# [Stored items]
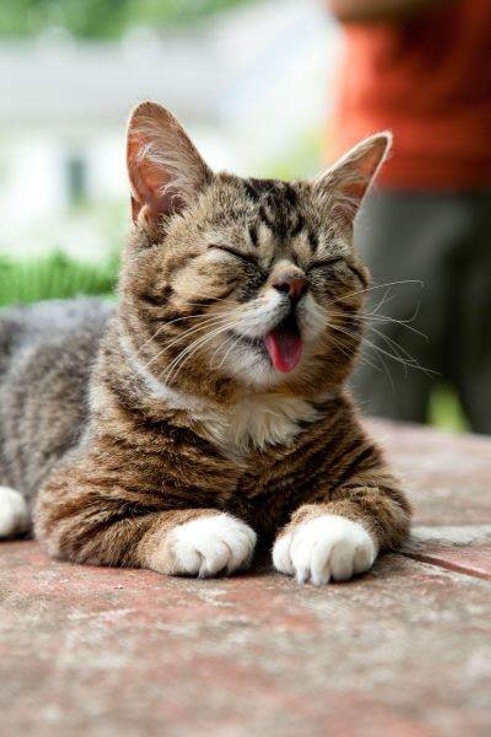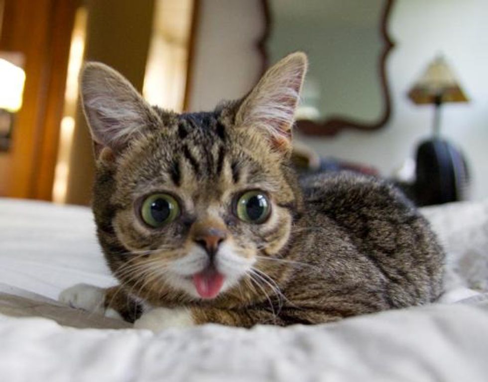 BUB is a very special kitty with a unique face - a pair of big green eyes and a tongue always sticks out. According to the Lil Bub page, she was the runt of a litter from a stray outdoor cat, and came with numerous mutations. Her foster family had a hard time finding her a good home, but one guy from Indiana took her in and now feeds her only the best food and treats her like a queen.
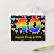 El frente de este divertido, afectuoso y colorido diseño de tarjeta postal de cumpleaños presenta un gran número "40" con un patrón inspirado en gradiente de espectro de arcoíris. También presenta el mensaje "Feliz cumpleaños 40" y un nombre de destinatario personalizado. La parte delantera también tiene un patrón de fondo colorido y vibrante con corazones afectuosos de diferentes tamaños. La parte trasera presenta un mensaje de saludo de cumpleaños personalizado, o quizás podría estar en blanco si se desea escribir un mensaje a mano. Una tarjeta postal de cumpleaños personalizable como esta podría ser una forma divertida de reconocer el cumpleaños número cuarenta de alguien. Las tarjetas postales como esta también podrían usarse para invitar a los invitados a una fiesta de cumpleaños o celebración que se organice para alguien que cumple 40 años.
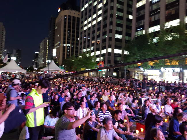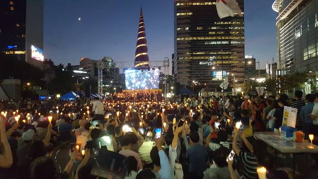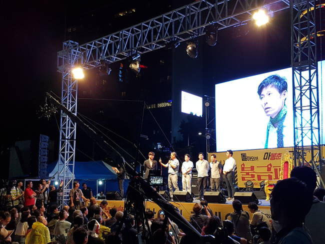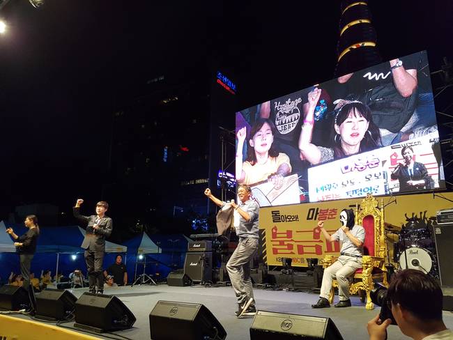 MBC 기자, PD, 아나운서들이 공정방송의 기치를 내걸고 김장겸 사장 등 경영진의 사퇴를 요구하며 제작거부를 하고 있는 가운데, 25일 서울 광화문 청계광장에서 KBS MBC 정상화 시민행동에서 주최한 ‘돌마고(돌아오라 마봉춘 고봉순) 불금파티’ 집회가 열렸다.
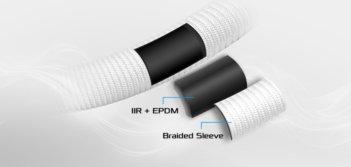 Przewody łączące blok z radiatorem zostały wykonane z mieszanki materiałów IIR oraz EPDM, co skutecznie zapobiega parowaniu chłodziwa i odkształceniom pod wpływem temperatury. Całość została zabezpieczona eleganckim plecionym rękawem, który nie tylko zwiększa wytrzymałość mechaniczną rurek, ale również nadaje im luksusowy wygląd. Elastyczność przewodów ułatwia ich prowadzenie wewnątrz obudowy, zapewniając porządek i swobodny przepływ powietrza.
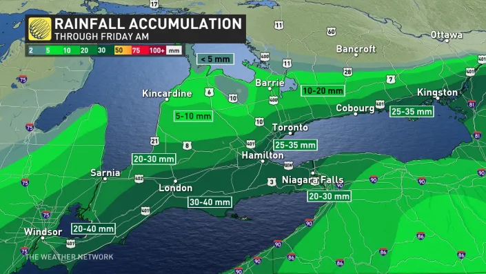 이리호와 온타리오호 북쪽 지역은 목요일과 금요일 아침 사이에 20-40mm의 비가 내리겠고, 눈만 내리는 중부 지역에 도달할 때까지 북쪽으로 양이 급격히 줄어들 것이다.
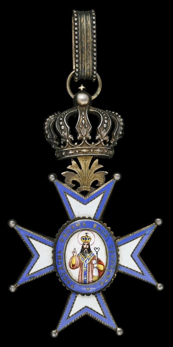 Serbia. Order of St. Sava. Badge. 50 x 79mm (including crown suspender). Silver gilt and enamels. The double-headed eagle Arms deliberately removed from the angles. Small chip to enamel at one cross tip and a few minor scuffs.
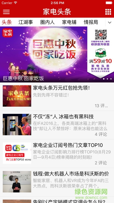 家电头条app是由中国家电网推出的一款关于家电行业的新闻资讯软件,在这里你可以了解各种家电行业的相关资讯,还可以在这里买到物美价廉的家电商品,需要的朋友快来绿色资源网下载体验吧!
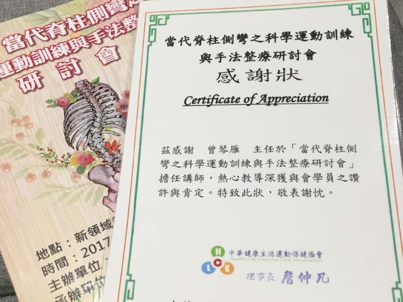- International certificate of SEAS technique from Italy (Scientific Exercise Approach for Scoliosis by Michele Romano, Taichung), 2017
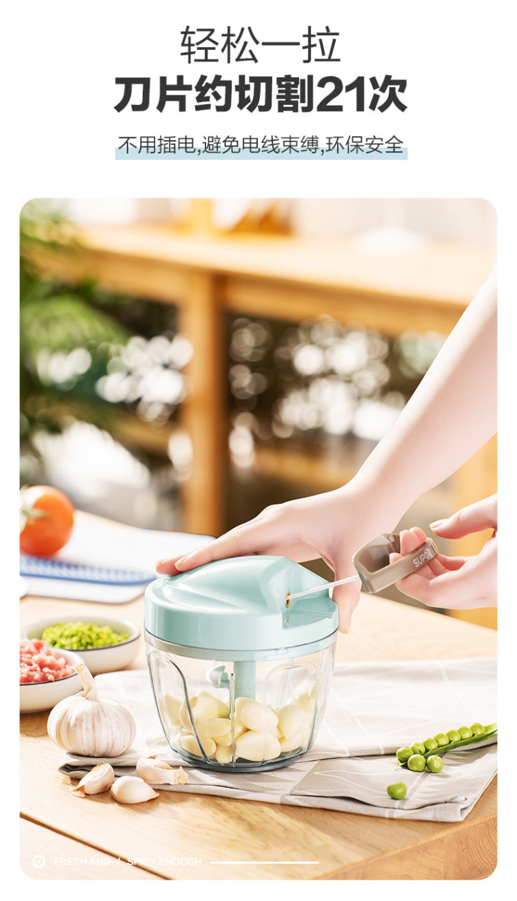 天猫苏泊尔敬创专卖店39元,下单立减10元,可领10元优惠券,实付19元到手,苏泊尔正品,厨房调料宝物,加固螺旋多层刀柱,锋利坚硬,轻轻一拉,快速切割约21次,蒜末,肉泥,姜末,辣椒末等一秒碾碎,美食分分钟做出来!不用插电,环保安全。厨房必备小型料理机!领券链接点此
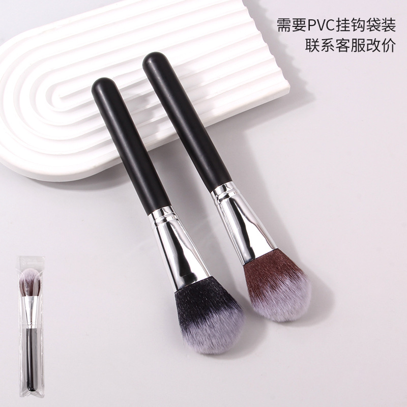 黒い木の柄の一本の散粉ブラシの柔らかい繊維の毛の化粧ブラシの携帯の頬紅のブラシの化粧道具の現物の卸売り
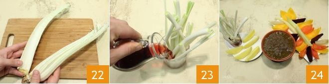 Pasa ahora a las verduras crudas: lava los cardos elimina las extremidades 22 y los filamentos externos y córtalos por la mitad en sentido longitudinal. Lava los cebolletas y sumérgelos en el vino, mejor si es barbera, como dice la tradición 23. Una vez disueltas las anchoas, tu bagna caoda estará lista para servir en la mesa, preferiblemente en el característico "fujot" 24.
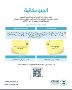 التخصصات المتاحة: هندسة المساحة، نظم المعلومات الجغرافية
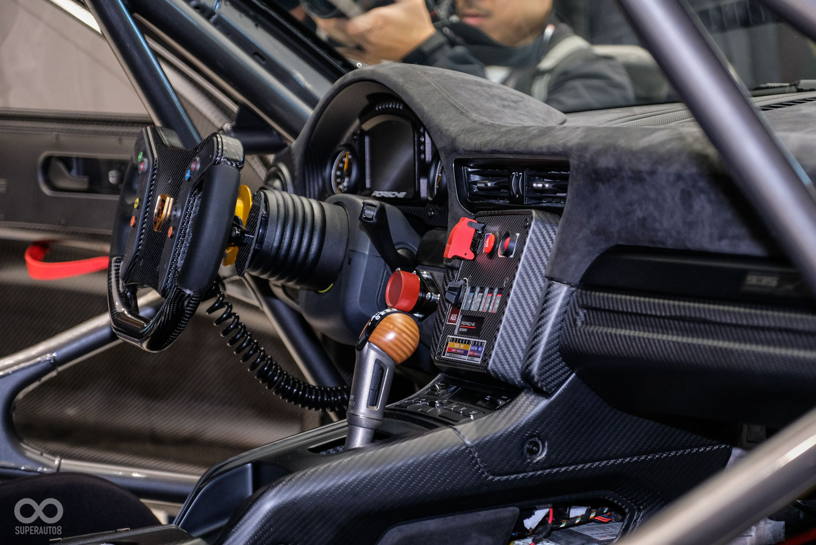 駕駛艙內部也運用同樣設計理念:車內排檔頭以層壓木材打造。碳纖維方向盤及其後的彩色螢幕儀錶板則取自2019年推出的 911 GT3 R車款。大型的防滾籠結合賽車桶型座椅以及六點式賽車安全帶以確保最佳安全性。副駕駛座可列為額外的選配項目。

# [What to work on]
Once the line containing "التخصصات المتاحة: هندسة" is found, write out exactly that line and each line after it through the end of the entries, omitting pictures.

# [Exercise response]
 التخصصات المتاحة: هندسة المساحة، نظم المعلومات الجغرافية
 駕駛艙內部也運用同樣設計理念:車內排檔頭以層壓木材打造。碳纖維方向盤及其後的彩色螢幕儀錶板則取自2019年推出的 911 GT3 R車款。大型的防滾籠結合賽車桶型座椅以及六點式賽車安全帶以確保最佳安全性。副駕駛座可列為額外的選配項目。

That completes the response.